Por Angélica Seña, para el portal de noticias CONAVIS
Ni las ratas tuvieron tiempo de esconderse. A primera hora, cuando el sol apenas estiraba los brazos sobre la arenosa Barranquilla, la Policía Metropolitana y el Gaula irrumpieron como tormenta caribeña en los barrios de Soledad y la Arenosa, cazando a ocho presuntos integrantes de las bandas “Los Pepes” y “Los Costeños”, dos combos que desde hace rato tenían al Atlántico en modo “sálvese quien pueda”.
El operativo, digno de película de acción con banda sonora de Diomedes y persecución por callejones polvorientos, dejó a los vecinos con los pelos de punta y las tazas del tinto temblando. “Eso era plomo, grito y sirena por todos lados, mijita”, contó una señora del barrio Rebolo, mientras barría la acera con una escoba que temblaba más que ella.
Los capturados, según la Policía, se dedicaban a todo lo malo que se puede hacer sin tener talento artístico: extorsión, microtráfico, amenazas y cobro de vacunas a comerciantes que apenas sobreviven vendiendo bollos y empanadas. Uno de los cabecillas, apodado “El Mono 70”, fue pillado en chancletas y sin tiempo de esconder la pistola ni el kilo de nervios que cargaba encima.
En Soledad, los uniformados entraron hasta por las ventanas, y más de un malandro se quedó en ropa interior tratando de hacer el papel de “inocente dormilón”. Pero ya era tarde: las esposas brillaron más que el sol del mediodía, y los vecinos aplaudieron como si fuera final de carnaval.

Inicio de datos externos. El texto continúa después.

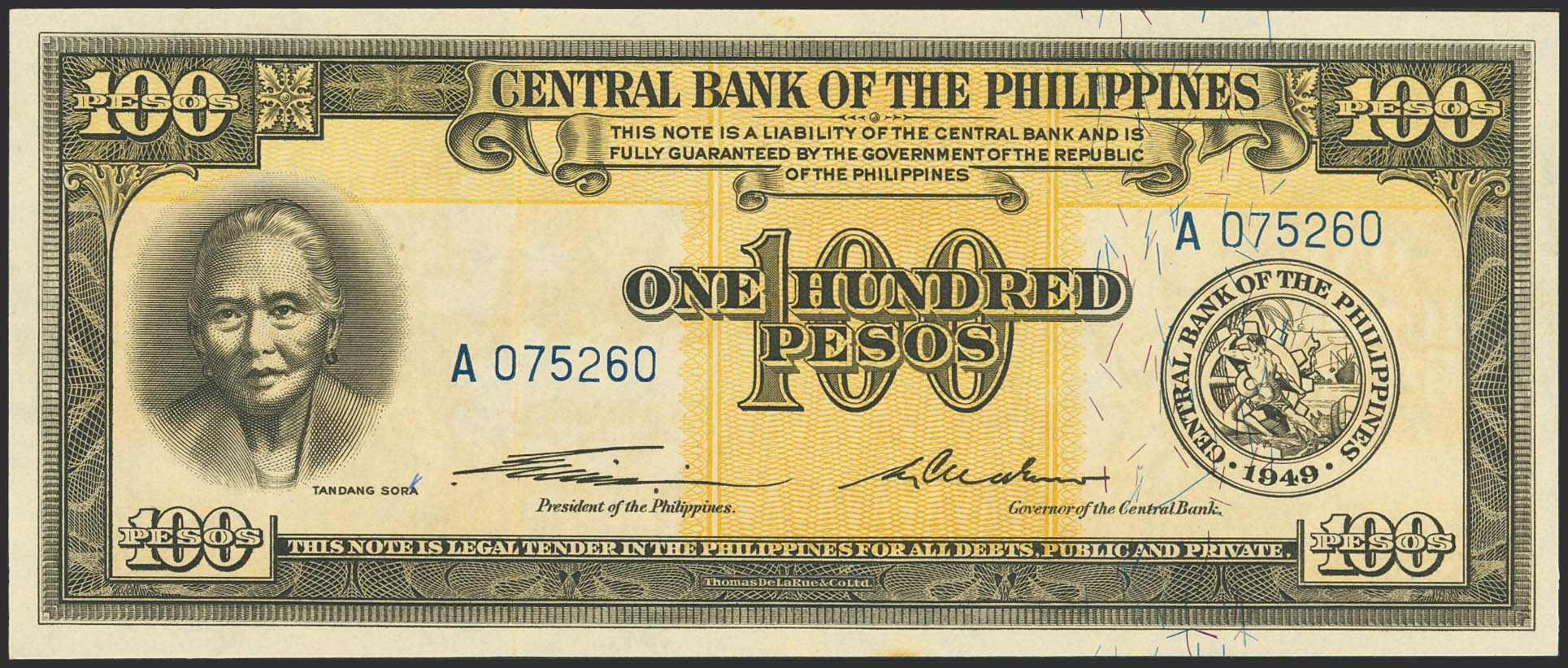 PHILIPPINES. 100 Pesos. (1949ca). Central Bank. (Pick: 139a). Uncirculated.

Las autoridades celebraron el golpe como “una victoria contra el crimen”, pero en la esquina los curiosos opinan otra cosa: “Eso es puro show, mañana los sueltan y vuelven a cobrar vacuna en la tienda de la esquina”, dijo un mototaxista con tono de sabiduría popular.

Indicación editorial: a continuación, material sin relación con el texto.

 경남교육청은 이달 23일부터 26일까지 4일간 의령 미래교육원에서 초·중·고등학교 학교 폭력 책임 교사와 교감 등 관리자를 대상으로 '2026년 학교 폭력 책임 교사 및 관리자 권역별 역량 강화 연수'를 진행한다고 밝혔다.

Mientras tanto, la Policía asegura que continuará con los operativos, y que detrás de estos ocho capturados hay una red que se cree dueña de media Costa. Pero si algo ha enseñado la historia barranquillera es que, aunque los pillos caigan, siempre hay otro esperándolos en la esquina, con celular nuevo y corazón bandido.
Y así, entre sirenas, cámaras y el murmullo caliente del mediodía, Barranquilla y Soledad amanecieron con olor a pólvora, sudor y justicia improvisada, de esa que se celebra con aplausos, pero también con un “¡ay, Dios mío, que esto no sea puro teatro!”.